We can write $\langle\sigma_i\rangle^{(\sigma_j=-1)}$ and $\langle\sigma_i\rangle^{(\sigma_j=+1)}$ explicitly:

\[\langle\sigma_i\rangle^{(\sigma_j=+1)} = \delta_j\sigma_i \cdot P(\sigma_j=-1) + m_i, \quad \text{Eq. 2}\] \[\langle\sigma_i\rangle^{(\sigma_j=-1)} = -\delta_j\sigma_i \cdot P(\sigma_j=+1) + m_i, \quad \text{Eq. 3}\]

Where $P(\sigma_j=-1)=\frac{1-m_j}{2}$ and $P(\sigma_j=+1)=\frac{1+m_j}{2}$, are the marginal probability of $\sigma_j=-1$ or $+1$, Then we have:

\[\langle\sigma_i\sigma_j\rangle-\langle\sigma_i\rangle\langle\sigma_j\rangle \approx 1\cdot \langle\sigma_i\rangle^{(\sigma_j=+1)}\cdot P(\sigma_j=+1) +(-1)\cdot \langle\sigma_i\rangle^{(\sigma_j=-1)}\cdot P(\sigma_j=-1)-m_i m_j\] \[=2\cdot \delta_j\sigma_i\cdot P(\sigma_j=-1)P(\sigma_j=+1) =\frac{1}{2}\delta_j\sigma_i\cdot(1-m_j^2), \quad \text{Eq. 4}\]

Now we need to estimate $\delta_j\sigma_i$. We know that:

\[m_i=\langle\sigma_i\rangle=\left\langle \tanh\big(\beta\langle J_{ij}\sigma_j + h_i\rangle\big)\right\rangle\]

So, with $x_i \triangleq\ J_{ij}\sigma_j+h_i$:

\[\delta_j\sigma_i \approx \frac{\partial\langle\sigma_i\rangle}{\partial\sigma_j}\cdot(1-(-1)) = 2\cdot\frac{\partial\langle\sigma_i\rangle}{\partial x_i}\cdot\frac{\partial x_i}{\partial\sigma_j}\]

The susceptibility $\frac{\partial\langle\sigma_i\rangle}{\partial x_i}=\beta(1-m_i^2)$, and $\frac{\partial x_i}{\partial\sigma_j}=J_{ij}$, thus we have:

\[\delta_j\sigma_i = 2\beta(1-m_i^2)J_{ij}, \quad \text{Eq. 5}\]

Substitute Eq.5 into Eq. 4:

We have:

\[\langle\sigma_i\sigma_j\rangle-\langle\sigma_i\rangle\langle\sigma_j\rangle =\beta(1-m_i^2)J_{ij}(1-m_j^2)\]

Aka:

\[\langle\sigma_i\sigma_j\rangle=\beta(1-m_i^2)J_{ij}(1-m_j^2)+m_i m_j, \quad \text{Eq. 6}\]

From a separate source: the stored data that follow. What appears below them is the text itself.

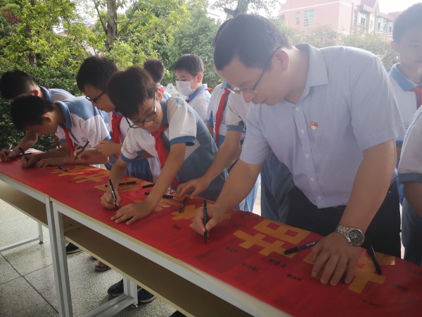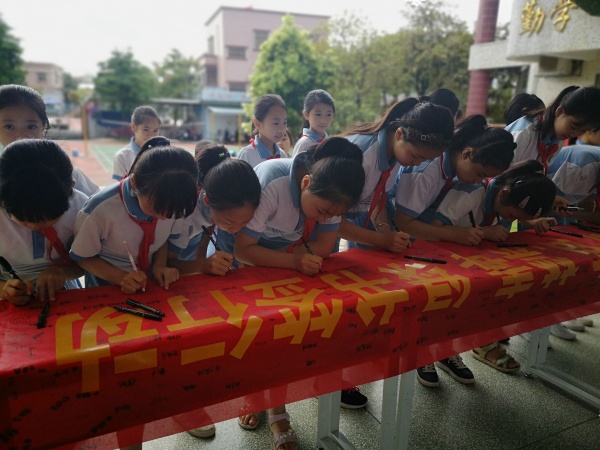 本次活動(dòng)在莊嚴(yán)的升旗儀式下拉開序幕,學(xué)校德育主任傅嘉賢就活動(dòng)精神展開講話,教育全體師生掃黃打非從自身做起,組織學(xué)生開展了一次護(hù)苗綠書簽簽名承諾活動(dòng)。在學(xué)校德育處的組織下,學(xué)校余壁峰校長(zhǎng)帶頭簽名,各班同學(xué)分年級(jí)進(jìn)行,鄭重地在“書香校園.護(hù)苗.禁毒.綠書簽行動(dòng)”橫幅上簽上自己的名字。當(dāng)看到懸掛在學(xué)校門口有自己簽名的的橫幅時(shí),學(xué)生們紛紛表態(tài):“我要自覺抵制不良的網(wǎng)絡(luò)信息,做到健康上網(wǎng),同時(shí)要多讀正版書籍,為營(yíng)造書香校園而努力!”
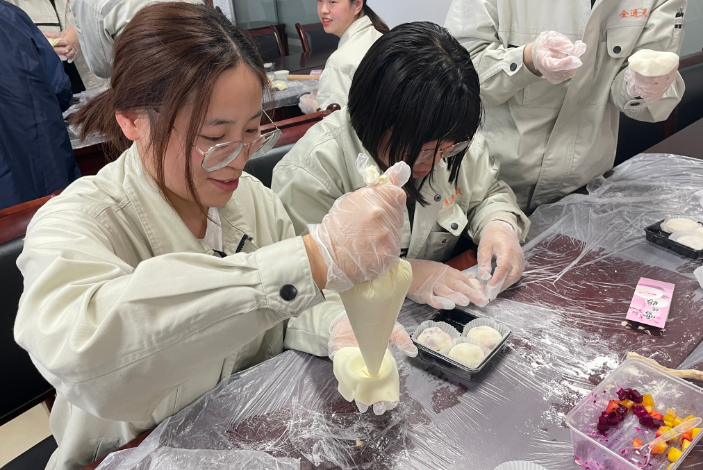 當天下午,金通靈近100名女職工歡聚813活動室,在張老師的現(xiàn)場制作教導下,分別制作了雪媚娘和便當?shù)案?。活動現(xiàn)場,張老師講解了烘焙知識和制作流程,職工們在認真聆聽后,體驗著自己動手制作甜品的樂趣,享受著快樂的烘焙時光。隨著時間的推移,一個又一個飽滿、垂涎欲滴的雪媚娘、一個個精致的便當?shù)案庵谱魍瓿伞?
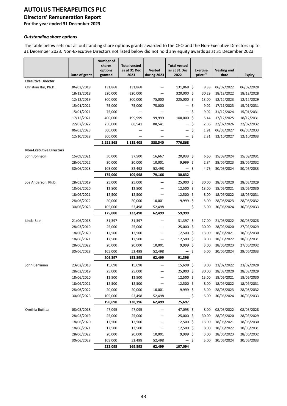 Outstanding share options The table below sets out all outstanding share options grants awarded to the CEO and the Non-Executive Directors up to 31 December 2023. Non-Executive Directors not listed below did not hold any equity awards as at 31 December 2023. Date of grant Number of shares options granted Total vested as at 31 Dec 2023 Vested during 2023 Total vested as at 31 Dec 2022 Exercise price(1) Vesting end date Expiry Executive Director Christian Itin, Ph.D. 06/02/2018 131,868 131,868 — 131,868 $ 8.38 06/02/2022 06/02/2028 18/12/2018 320,000 320,000 — 320,000 $ 30.29 18/12/2022 18/12/2028 12/12/2019 300,000 300,000 75,000 225,000 $ 13.00 12/12/2023 12/12/2029 15/01/2021 75,000 75,000 75,000 — $ 9.02 17/11/2023 15/01/2031 15/01/2021 75,000 — — — $ 9.02 31/12/2024 15/01/2031 17/12/2021 400,000 199,999 99,999 100,000 $ 5.44 17/12/2025 18/12/2031 22/07/2022 250,000 88,541 88,541 — $ 2.86 22/07/2026 22/07/2032 06/03/2023 500,000 — — — $ 1.91 06/03/2027 06/03/2033 12/10/2023 500,000 — — — $ 2.31 12/10/2027 12/10/2033 2,551,868 1,115,408 338,540 776,868 Non-Executive Directors John Johnson 15/09/2021 50,000 37,500 16,667 20,833 $ 6.60 15/09/2024 15/09/2031 28/06/2022 20,000 20,000 10,001 9,999 $ 2.84 28/06/2023 28/06/2032 30/06/2023 105,000 52,498 52,498 — $ 4.76 30/06/2024 30/06/2033 175,000 109,998 79,166 30,832 Joe Anderson, Ph.D. 28/03/2019 25,000 25,000 — 25,000 $ 30.00 28/03/2020 28/03/2029 18/06/2020 12,500 12,500 — 12,500 $ 13.00 18/06/2021 18/06/2030 18/06/2021 12,500 12,500 — 12,500 $ 8.00 18/06/2022 18/06/2031 28/06/2022 20,000 20,000 10,001 9,999 $ 3.00 28/06/2023 28/06/2032 30/06/2023 105,000 52,498 52,498 — $ 5.00 30/06/2024 30/06/2033 175,000 122,498 62,499 59,999 Linda Bain 21/06/2018 31,397 31,397 — 31,397 $ 17.00 21/06/2022 20/06/2028 28/03/2019 25,000 25,000 — 25,000 $ 30.00 28/03/2020 27/03/2029 18/06/2020 12,500 12,500 — 12,500 $ 13.00 18/06/2021 18/06/2030 18/06/2021 12,500 12,500 — 12,500 $ 8.00 18/06/2022 18/06/2031 28/06/2022 20,000 20,000 10,001 9,999 $ 3.00 28/06/2023 27/06/2032 30/06/2023 105,000 52,498 52,498 — $ 5.00 30/06/2024 29/06/2033 206,397 153,895 62,499 91,396 John Berriman 23/02/2018 15,698 15,698 — 15,698 $ 8.00 23/02/2022 23/02/2028 28/03/2019 25,000 25,000 — 25,000 $ 30.00 28/03/2020 28/03/2029 18/06/2020 12,500 12,500 — 12,500 $ 13.00 18/06/2021 18/06/2030 18/06/2021 12,500 12,500 — 12,500 $ 8.00 18/06/2022 18/06/2031 28/06/2022 20,000 20,000 10,001 9,999 $ 3.00 28/06/2023 28/06/2032 30/06/2023 105,000 52,498 52,498 — $ 5.00 30/06/2024 30/06/2033 190,698 138,196 62,499 75,697 Cynthia Butitta 08/03/2018 47,095 47,095 — 47,095 $ 8.00 08/03/2022 08/03/2028 28/03/2019 25,000 25,000 — 25,000 $ 30.00 28/03/2020 28/03/2029 18/06/2020 12,500 12,500 — 12,500 $ 13.00 18/06/2021 18/06/2030 18/06/2021 12,500 12,500 — 12,500 $ 8.00 18/06/2022 18/06/2031 28/06/2022 20,000 20,000 10,001 9,999 $ 3.00 28/06/2023 28/06/2032 30/06/2023 105,000 52,498 52,498 — $ 5.00 30/06/2024 30/06/2033 222,095 169,593 62,499 107,094 AUTOLUS THERAPEUTICS PLC Directors’ Remuneration Report For the year ended 31 December 2023 43

Now we can substitute Eq. 6 into Eq 1 and get:

\[E(\beta,\mathbf{m}) = -\sum_{i \neq j}\frac{1}{2}J_{ij}m_i m_j - \sum_{i}h_i m_i -\frac{\beta}{2} \sum_{i \neq j} (1-m_i^2)J_{ij}^2(1-m_j^2), \quad \text{Eq. 7}\]

The Entropy term ($\beta=0$):

When $\beta=0$, The Entropy term can be calculated directly as the information entropy assuming units state are independent from each other:

\[S(\beta=0,\mathbf{m}) =-\frac{1}{2}\sum_i\left[ (1+m_i)\log\left(\frac{1+m_i}{2}\right) +(1-m_i)\log\left(\frac{1-m_i}{2}\right) \right]\]

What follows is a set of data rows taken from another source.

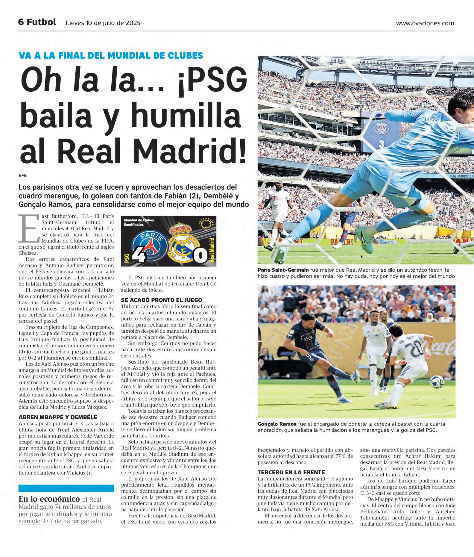 En un partido que estaba resuelto apenas a los 25 minutos, el cuadro parisino aplastó 4 a 0 a los merengues y avanzó a la final del Mundial de Clubes, donde lo espera el Chelsea. O VACIONES O6 Y O7
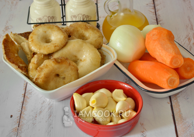 Соберите все продукты по списку для приготовления грибной икры из груздей с морковью и чесноком на зиму. Лук, морковь и чеснок традиционно очистите и сполосните.
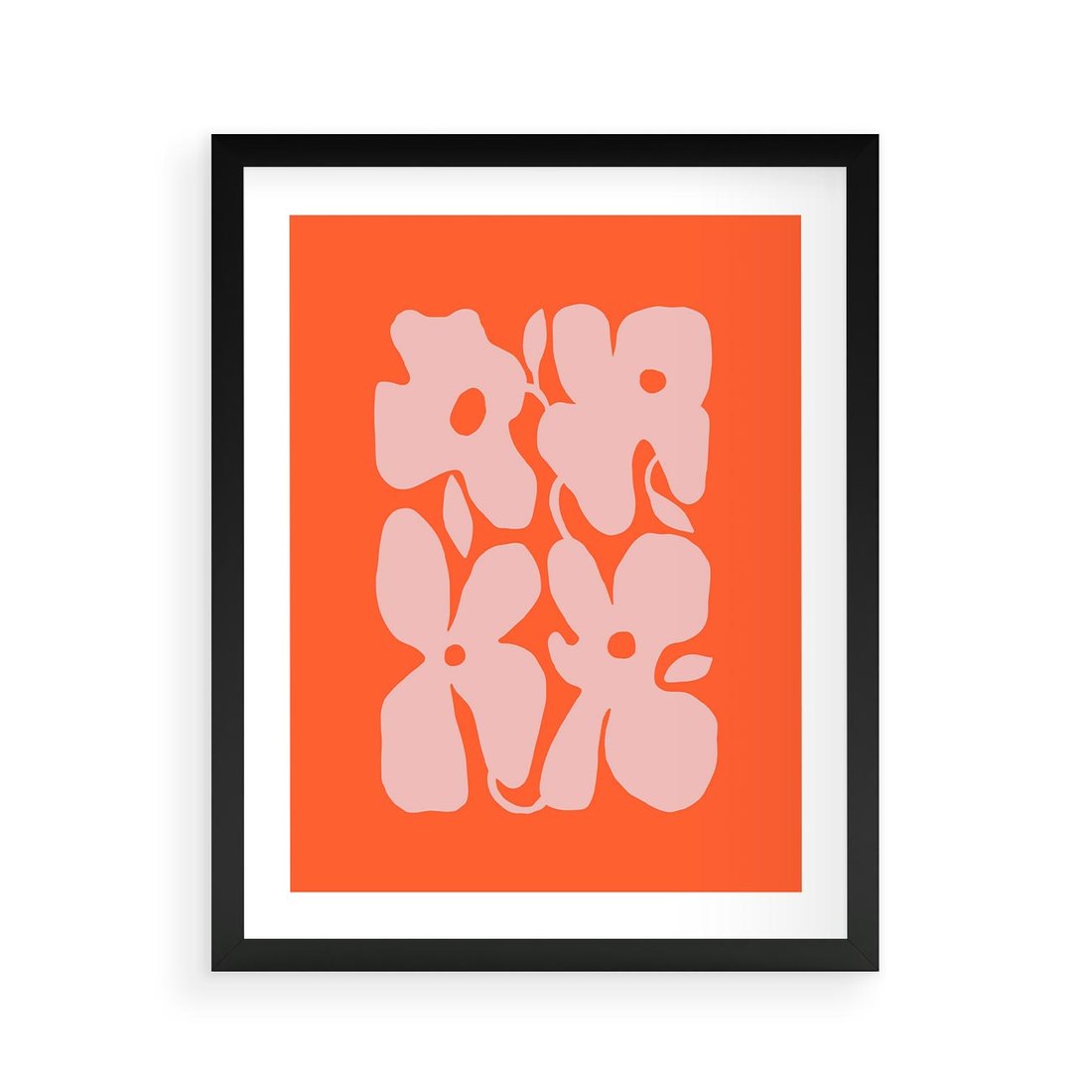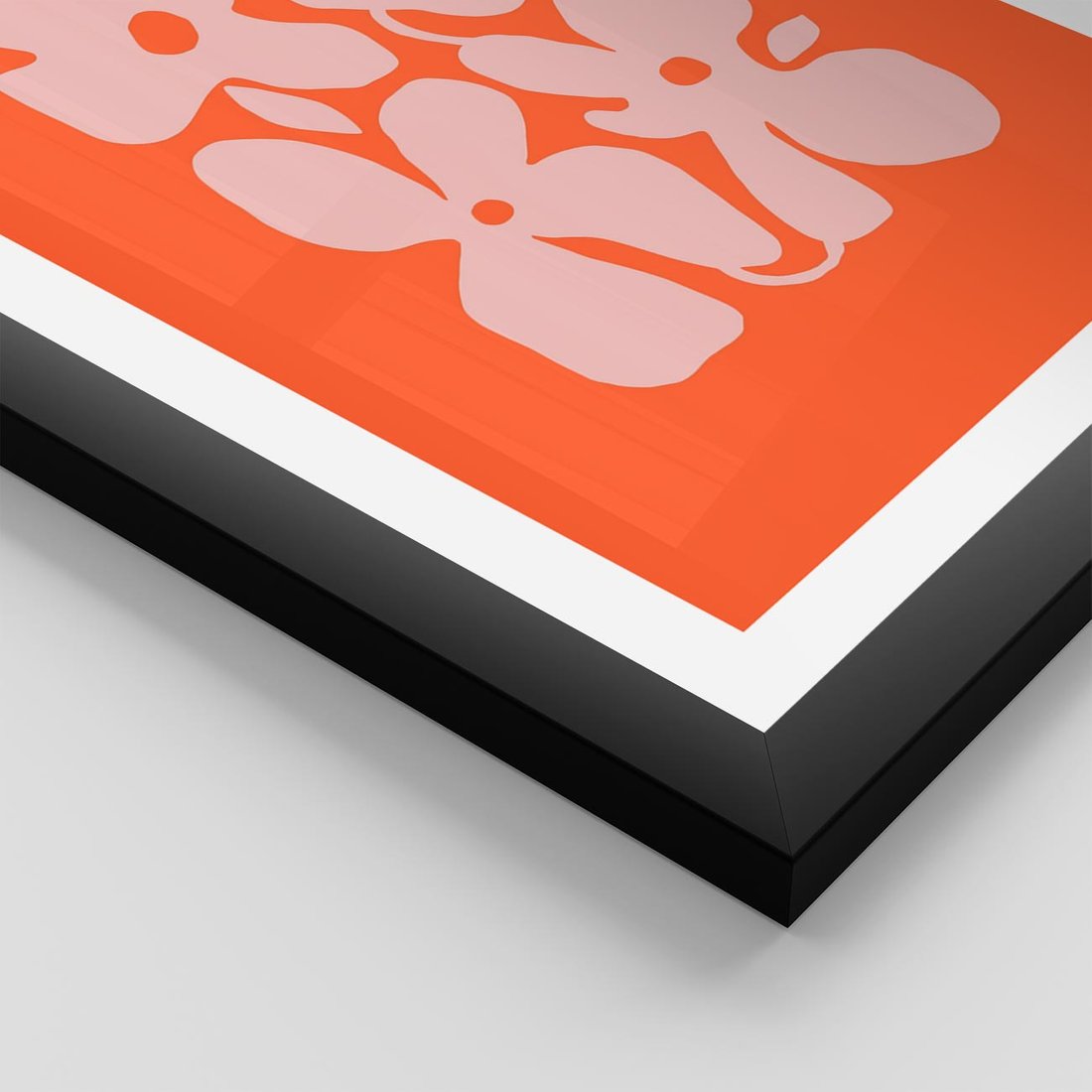 Plakat w ramie 40x50 - Taniec Abstrakcji - kwiaty, energetyczne pomarańczowe tłó - rama czarna

The log of the partition function, $\beta f_{\mathrm{TAP}}$, when $\beta=0$, equals the negative of the entropy

\[\beta f_{\mathrm{TAP}}(\beta=0,\mathbf{m})=-S(\beta=0,\mathbf{m}), \quad \text{Eq. 8}\]

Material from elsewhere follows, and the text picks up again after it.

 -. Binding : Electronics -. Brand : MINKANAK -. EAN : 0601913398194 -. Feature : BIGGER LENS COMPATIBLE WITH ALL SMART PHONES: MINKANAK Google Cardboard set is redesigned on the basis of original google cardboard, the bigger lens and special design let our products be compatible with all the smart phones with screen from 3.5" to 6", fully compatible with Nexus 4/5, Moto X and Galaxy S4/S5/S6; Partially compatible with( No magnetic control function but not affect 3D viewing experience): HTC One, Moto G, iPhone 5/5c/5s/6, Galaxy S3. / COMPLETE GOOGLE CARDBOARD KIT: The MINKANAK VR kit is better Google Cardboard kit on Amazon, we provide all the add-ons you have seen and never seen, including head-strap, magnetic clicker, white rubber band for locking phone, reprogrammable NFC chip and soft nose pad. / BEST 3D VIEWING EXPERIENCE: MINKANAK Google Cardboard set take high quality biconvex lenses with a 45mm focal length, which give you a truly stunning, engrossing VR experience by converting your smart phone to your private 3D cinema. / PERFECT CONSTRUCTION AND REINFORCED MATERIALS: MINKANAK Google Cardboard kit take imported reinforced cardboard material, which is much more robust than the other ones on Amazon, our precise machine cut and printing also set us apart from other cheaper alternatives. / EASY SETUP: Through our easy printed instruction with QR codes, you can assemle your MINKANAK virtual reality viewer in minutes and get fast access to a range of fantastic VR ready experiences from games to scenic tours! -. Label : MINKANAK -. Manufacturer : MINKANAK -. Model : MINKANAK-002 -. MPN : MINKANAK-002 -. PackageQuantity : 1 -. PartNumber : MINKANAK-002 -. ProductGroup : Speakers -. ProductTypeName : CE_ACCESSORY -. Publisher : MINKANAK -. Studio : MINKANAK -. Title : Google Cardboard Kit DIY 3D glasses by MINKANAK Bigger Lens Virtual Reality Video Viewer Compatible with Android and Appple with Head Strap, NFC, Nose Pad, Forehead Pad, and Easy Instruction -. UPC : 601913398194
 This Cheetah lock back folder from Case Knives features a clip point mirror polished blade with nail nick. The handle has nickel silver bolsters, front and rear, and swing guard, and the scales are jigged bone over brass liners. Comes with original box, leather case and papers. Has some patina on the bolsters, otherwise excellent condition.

The free energy when $\beta \neq 0$:

To derive the partition function when $\beta\neq 0$, we need to take advantage of the definition of energy in terms of the partition function:

\[E=\frac{\partial(\ln Z)}{\partial\beta}=\frac{\partial(\beta f_{\mathrm{TAP}})}{\partial\beta}\]

Thus we can integrate the energy $E$ on $\beta$ to get the free energy at non zero $\beta$:

\[\beta f_{\mathrm{TAP}}(\beta,\mathbf{m}) =\beta f_{\mathrm{TAP}}(\beta=0,\mathbf{m})+\int_0^\beta E(\beta',\mathbf{m})\,d\beta', \quad \text{Eq. 9}\]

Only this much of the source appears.